Diesmal jedoch waren fünf junge und zuvor gesunde Homosexuelle aus Kalifornien von der raren Lungenentzündung betroffen. Die Forscher aus Atlanta hatten, ohne es zu wissen, zum ersten Mal mit Aids zu tun. Den Namen bekam das ominöse Leiden allerdings erst später.
Als wenige Wochen darauf CDC-Wissenschaftler von einer Häufung eines zuvor ebenso seltenen Haut-Krebses berichteten, der auch für immungeschwächte Patienten typisch ist, ahnten die Forscher einen Zusammenhang: Die von Medizinern als "atypisch" bezeichnete Lungenentzündung, sowie Hauttumoren, die als Kaposi-Sarkom bekannt waren, wurden zu Beginn der Aids-Epidemie die typischen Erkennungszeichen für die unheimliche neue Krankheit. Bis Ende 1981 wurden Tausende solcher Fälle allein in den USA bekannt.
Patient Null
Die Forscher der amerikanischen Seuchenschutzbehörde interessierten sich zunächst - wie alle Epidemiologen - für den Ursprung der neuartigen Seuche. 1984 berichteten sie in einem Fachblatt über den Patienten O. Der Buchstabe O stand für "Out of California", weil die ersten Aidsfälle in den USA dort bekannt wurden. Später wurde daraus irrtümlich der "Patient Null".
Randy Shilts verstärkte das Missverständnis um den vermeintlich ersten Aids-Patienten in seinem Buch "And the band played on" (1987), in dem er den kanadischen Flugbegleiter Gaëtan Dugas als Patienten Null outete.

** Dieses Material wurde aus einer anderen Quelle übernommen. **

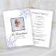 Remember your loved one and celebrate their life with the pretty Elegant Blue Winter Snowflakes Funeral Service Program. This elegant custom wintery memorial service timeline features intricate blue snowflakes adorning the corners with a white background. Customise it with a picture of the deceased, personal details and order of ceremony of their December, January or February celebration of life church service.
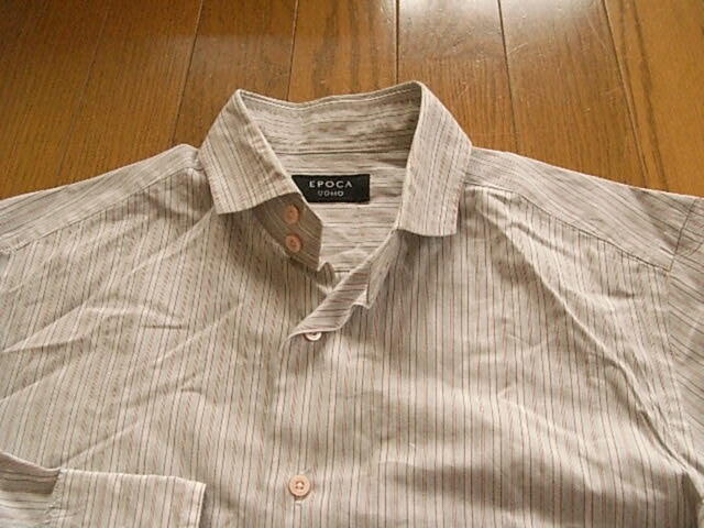 EPOCA UOMO エポカの長袖ドレスシャツです。サイズはITL44(M程度)になります。平置き実測サイズは、肩幅約44cm、袖丈約60cm、着丈約71cm、身幅約52cmです。素人採寸のため多少の誤差はご了承ください。全体色はホワイト&レッド&ブルー系のストライプのデザインになります。クリーニング済みです。素材感もとても良く、高級ラインのエポカらしいとてもかっこいい素敵なデザインです。特に目立つダメージはありませんが、あくまでも中古でありますことを御了承願います。ノークレーム・ノーリターンでお願いします。送料込み(クロネコ便等発送)になります。

Das war durch nichts bewiesen, doch die Geschichte, Dugas habe entlang seiner Flugreisen mindestens 40 der ersten 250 HIV-Infizierten angesteckt und so Aids verbreitet, hielt sich hartnäckig. Die CDC-Forscher mussten sich jedoch später von ihrem Fachartikel distanzieren. Sie hatten methodisch unsauber gearbeitet.

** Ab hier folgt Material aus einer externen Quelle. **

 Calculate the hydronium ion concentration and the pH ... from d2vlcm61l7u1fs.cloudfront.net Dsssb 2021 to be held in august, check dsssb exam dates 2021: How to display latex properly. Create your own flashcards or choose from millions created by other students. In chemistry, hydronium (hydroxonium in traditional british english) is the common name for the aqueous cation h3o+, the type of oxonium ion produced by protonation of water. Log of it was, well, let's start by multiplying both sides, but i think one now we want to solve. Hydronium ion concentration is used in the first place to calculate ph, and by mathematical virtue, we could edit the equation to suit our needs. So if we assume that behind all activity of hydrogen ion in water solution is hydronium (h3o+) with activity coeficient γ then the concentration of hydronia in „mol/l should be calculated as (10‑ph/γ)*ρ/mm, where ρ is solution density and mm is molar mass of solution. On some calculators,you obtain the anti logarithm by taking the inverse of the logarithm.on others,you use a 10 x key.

Zudem hatten sie den Reisedaten und vermeintlichen Intimkontakten ihres "Patienten O" Infektionen zugeordnet, die nach weniger als einem Jahr ausbrachen. Wie man auch Mitte der 80er-Jahre schon wusste, tritt das Krankheitsbild Aids aber meistens erst fünf Jahre nach der Infektion oder später auf. Dass zuvor gesunde Menschen in weniger als zwei Jahren nach der Ansteckung Symptome entwickeln, ist äußerst selten.